Дейдара почти свыклась со своим новым положением. Несмотря на откровенную криминальность, обращались похитители с ней вежливо, с необходимым вниманием и никаких вольностей себе не позволяли. Она даже немного поправилась от обильной и здоровой еды. Конечно, о свободе не могло идти и речи. Круглосуточная охрана не смыкала глаз и везде за ней следовало сопровождение. Везде, то есть, до туалета, в дороге и на стоянках.
Поговорить с кем-нибудь удавалось редко. Охранники за все время проронили с десяток слов. Другие парни притихали, когда она оказывалась в достаточной к ним близости. Единственный человек в этом разбойничьем отряде изредка снисходил до полноценного общения. Собственно, сам главарь. За неделю, Дей успела если не подружиться с ним, то, по крайней мере, наладить контакт. Это благодаря его распоряжению к ней никто не приближался.
Вот и сейчас, на очередной стоянке, вокруг неё образовалась своеобразная “зона отчуждения”. Ничего не оставалось, кроме как “уйти в себя”, перестав уделять внимание безответной действительности. Точных причин похищения ей так и не сказали. Как и подробностей её будущего. Она знала лишь, что украдена по заказу и заказчик этот живет достаточно далеко. Вот и вся информация. Насчёт судьбы Кесс она тоже пребывала в неизвестности, как не знала и того, что делают её друзья. Ищут ли? Найдут? Или они больше никогда не встретятся? Она не решалась заговаривать о них, опасаясь за непредсказуемость и гибельность такого поступка. Всё что ей оставалось, это надеяться на лучшее и не падать духом.
А, между тем, первый шок прошёл, адреналин выветрился и в одинаковости дней, Дейдара начала скучать. Занятий решительно не находилось. Список развлечений ограничивался блужданием по воспоминаниям и размышлениями на какую-либо тему. Всего за неделю она успела передумать мыслей больше, чем за всю жизнь.
Оказавшись в мыслительном тупике, она прибегла к последней возможности скрасить свое пребывание в плену. А, именно, заняться саморазвитием, то есть, изучением своих потенциальных способностей. При оценке её удостоили “девяткой”, но что она несла в себе, оставалось неясным до сих пор. Дейдара решила в этом разобраться.
Первым делом, она припомнила всё, что ей когда-либо говорили об эльфах. Особенно, слова Кесс, давшую наиболее подробные инструкции. Что-то про природу и покой. Не совсем ясно, как это использовать, конечно. Природа и покой. Допустим, природы вокруг — хоть отбавляй. А, вот, покой…
Она обернулась на сидящих неподалёку охранников, тихо беседующих между собой, на остальной лагерь, готовящийся ко сну, на мирно трещащие костры с готовящимся ужином, на мерцающие в небе звезды. А собственно, почему и не покой? Тепло, сытно, уютно, на свежем воздухе, под защитой и охраной. Вполне себе покой. Может даже, испытываемый впервые.

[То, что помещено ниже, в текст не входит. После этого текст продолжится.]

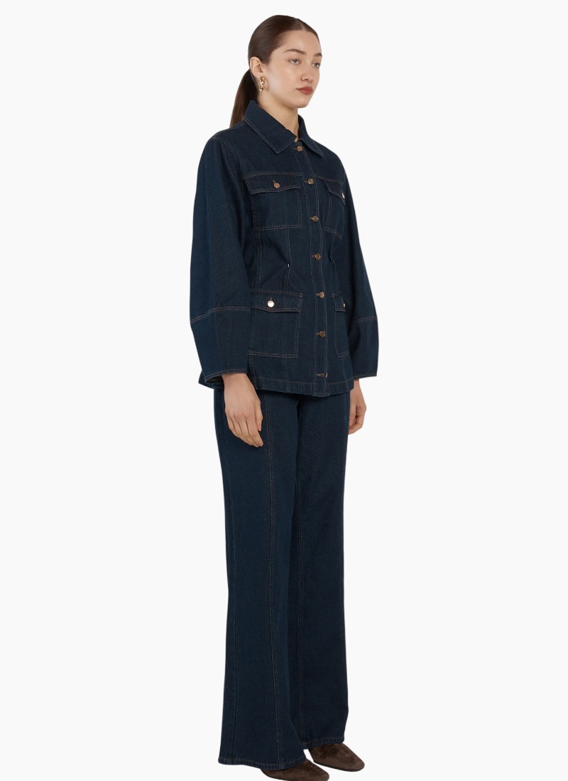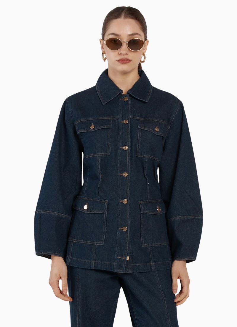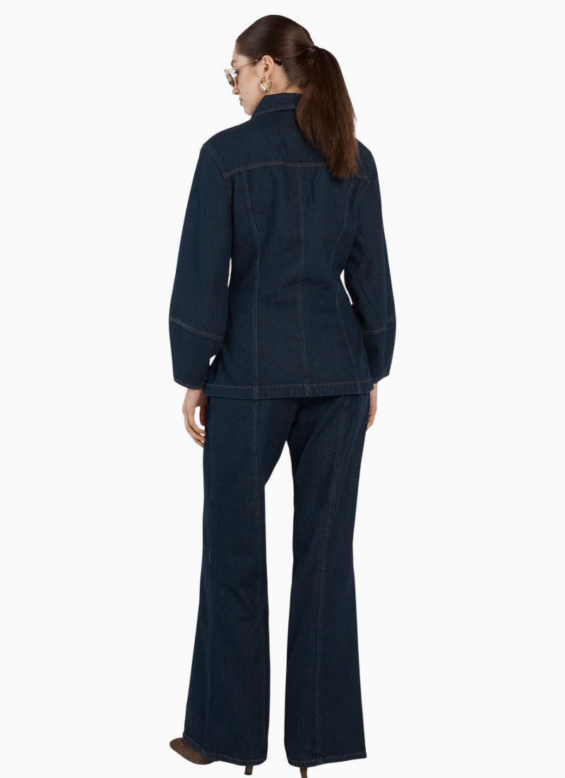 The Wren Denim Sculpted Jacket redefines classic denim through tailored precision. Structured fabrication and contrast hardware lend a polished edge. Utility-inspired patch pockets add subtle detail. A sophisticated trans-seasonal layer designed for effortless refinement. -Structured denim fabrication -Button-through front with contrast hardware -Utility-inspired front patch pockets -Shaped long sleeves with wide cuff finish
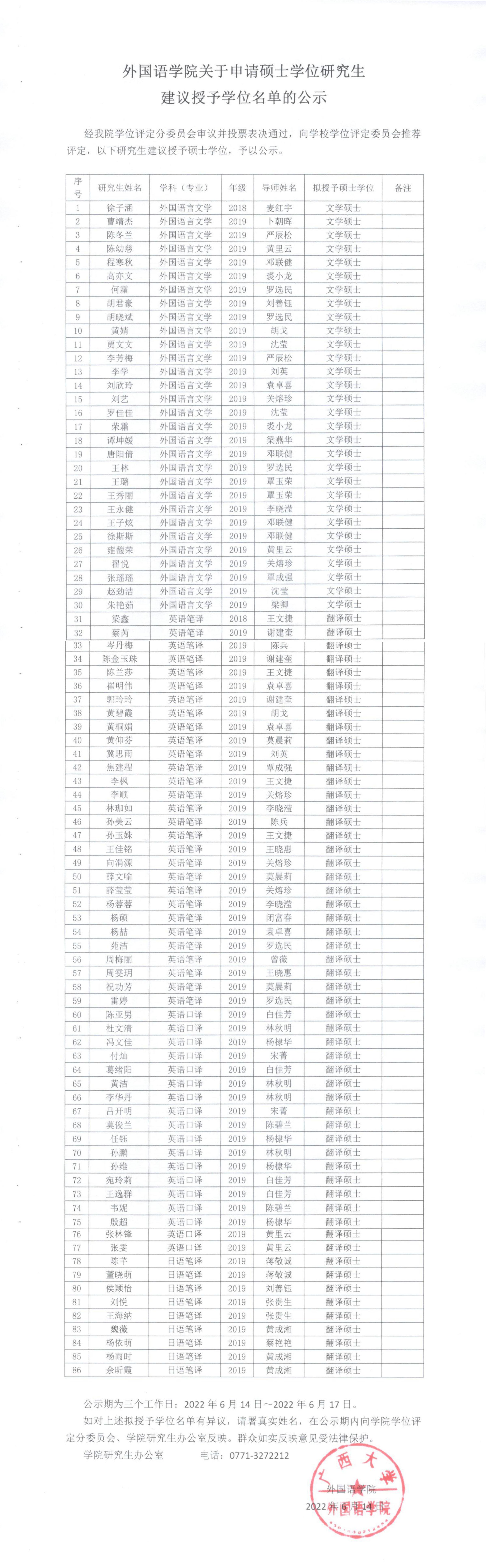 2022年外国语学院关于申请硕士学位研究生建议授予学位名单的公示

Дейдара закрыла глаза, удобнее расположившись на сложенном одеяле. Глубоко вдохнула, медленно выдохнула и стала слушать.
Поначалу ничего не происходило. Лес молчал, неприступный и безликий, усреднившийся для невежественного большинства. Он давно жил бок о бок с людьми и это соседство не пошло ему впрок — он стал скуп и сер. Поэтому и кратковременное присутствие молодого эльфа нисколько его не взбодрило. Наоборот, заставило осерчать и насупиться, жалея, что не может прогнать обидного гостя. А почему “обидного”, он и сам не знал.
Всё это быстрыми картинками пронеслось в голове Дей, стоило ей немного посидеть в тишине и сосредоточиться. Она удивилась, разнервничалась, но продолжила эксперимент. Тем более, на ум пришла интересная и простая по своей сути мысль — она же “цветочный” эльф, так почему бы не начать с этого? Она всегда любила цветы и растила их с особой заботой и вниманием. Больше всего предпочитала алые и крупные сорта роз, богатые по цвету, форме бутона и нежной бархатистости. Интеллигентные и роскошные растения, чуждые суете и мелочности. Поистине, короли цветочного мира.

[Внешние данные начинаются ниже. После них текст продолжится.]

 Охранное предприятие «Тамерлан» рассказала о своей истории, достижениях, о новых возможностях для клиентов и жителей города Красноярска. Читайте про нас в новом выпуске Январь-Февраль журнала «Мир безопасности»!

Стоило огоньку прежней страсти разгореться, как сидящая внутри сила, сама отозвалась на непроизнесённый зов. Дейдара ахнула и раскрыла глаза. Прежде пустая, устланная листьями и сором земля, густо поросла яркими, жёлтыми цветами. Их мелкие, остренькие листья тянулись вверх с жадностью, а аккуратненькие головки бутонов с живостью раскрывались, поворачиваясь на разбудившую их девушку.

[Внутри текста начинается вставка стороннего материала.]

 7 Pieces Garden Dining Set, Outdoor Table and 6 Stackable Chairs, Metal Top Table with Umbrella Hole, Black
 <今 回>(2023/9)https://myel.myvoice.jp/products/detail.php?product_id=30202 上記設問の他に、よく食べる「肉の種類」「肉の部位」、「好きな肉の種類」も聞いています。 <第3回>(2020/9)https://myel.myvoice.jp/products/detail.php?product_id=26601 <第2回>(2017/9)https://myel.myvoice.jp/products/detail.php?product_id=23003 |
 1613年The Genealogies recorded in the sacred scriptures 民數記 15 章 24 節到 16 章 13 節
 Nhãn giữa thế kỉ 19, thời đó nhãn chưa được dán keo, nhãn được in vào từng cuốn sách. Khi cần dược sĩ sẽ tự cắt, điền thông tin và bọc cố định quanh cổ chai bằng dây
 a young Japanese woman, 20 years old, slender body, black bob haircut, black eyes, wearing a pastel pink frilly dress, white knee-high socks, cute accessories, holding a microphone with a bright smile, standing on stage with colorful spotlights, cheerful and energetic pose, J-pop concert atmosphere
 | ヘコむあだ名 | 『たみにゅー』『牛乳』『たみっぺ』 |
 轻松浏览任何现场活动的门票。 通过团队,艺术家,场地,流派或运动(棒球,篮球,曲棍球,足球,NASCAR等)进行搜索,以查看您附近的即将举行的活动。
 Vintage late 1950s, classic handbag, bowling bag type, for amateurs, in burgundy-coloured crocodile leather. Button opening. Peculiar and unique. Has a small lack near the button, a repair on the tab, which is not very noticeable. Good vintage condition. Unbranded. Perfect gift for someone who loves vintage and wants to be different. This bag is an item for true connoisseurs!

— Ого! Ну ничего себе! Я что, и впрямь, эльф?
— Если сильнее постараешься, можешь и весь лес заставить расцвести.
Дей не услышала, когда подошёл мужчина, поэтому вздрогнула и обернулась. Охрана тактично скрылась из виду, чтобы не мешать разговору. Они, в некотором смысле, остались наедине.
— Господин Пташ.
— Пробуешь пользоваться силой?
— Ага. — Она удрученно вздохнула, освобождая место на одеяле для своего гостя, но тот лишь отрицательно мотнул головой.
— Это хорошо, всегда надо знать на что ты способен. Помогает выжить.
— А что умеете вы? — Слова вылетели сами собой и Дей только секунду спустя оценила их не однозначный посыл. Испуганно подняла глаза, но встретила улыбку. Точнее, её самый зачаток, но от сердца всё равно отлегло.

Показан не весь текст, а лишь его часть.